During the lame-duck session in late 2010, Democrats still held huge majorities (59–41 in the Senate) and knew perfectly well what the Republican 2010 midterm victories portended. I realize it was a busy session with other important last-minute priorities. Yet Democrats failed even to consider, much less try to pass, a simple bill like I’m now proposing (with what could have been an extremely limited, one-time-only bypass of the filibuster) — that could have permanently ended federal gerrymandering and forestalled what predictably became almost a full decade of Republican dominance of Congress.
The result was to severely undermine the remaining three-fourths of Obama’s presidency. President (then Vice President) Biden was a front-row witness to all of this. Please, Mr. President — and Speaker Pelosi, Leader Schumer, Senator Manchin, Senator Sinema, all other Democrats in Congress, and all thoughtful Republicans who care about stopping gerrymandering and preserving the integrity of our elections — do not surrender once again to politics as usual. Do not again sacrifice Congress on the altar of partisan gerrymandering — and now, quite possibly, the future of our constitutional democracy itself.

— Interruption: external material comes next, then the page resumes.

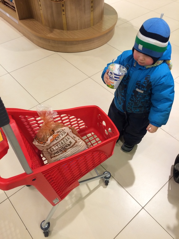 моя тоже любит "выбирать покупки сама". если зайти за парой товаров и на кассе никого не будет, то дочка как взрослая делает покупки, а если список длинный, то начинает баловаться и набирать в тележку все подряд))

Every passing day marks inexorable shrinkage in the time remaining on Congress’s legislative calendar. New district maps must be drawn well before the end of this year to avoid disrupting campaigns and primary elections. States need to know what rules will govern federal elections. Every day the Democratic Congress gets closer to marching off this cliff and again committing political suicide.
In just a few weeks, the Census Bureau will provide the detailed data allowing Republican state legislators to start gerrymandering their way to the dominance of Congress in 2022 and probably (at least) until 2032 — unless today’s Democratic Congress (hopefully with the support of some thoughtful Republicans, but if necessary without) chooses to exercise its undisputed power to stop them.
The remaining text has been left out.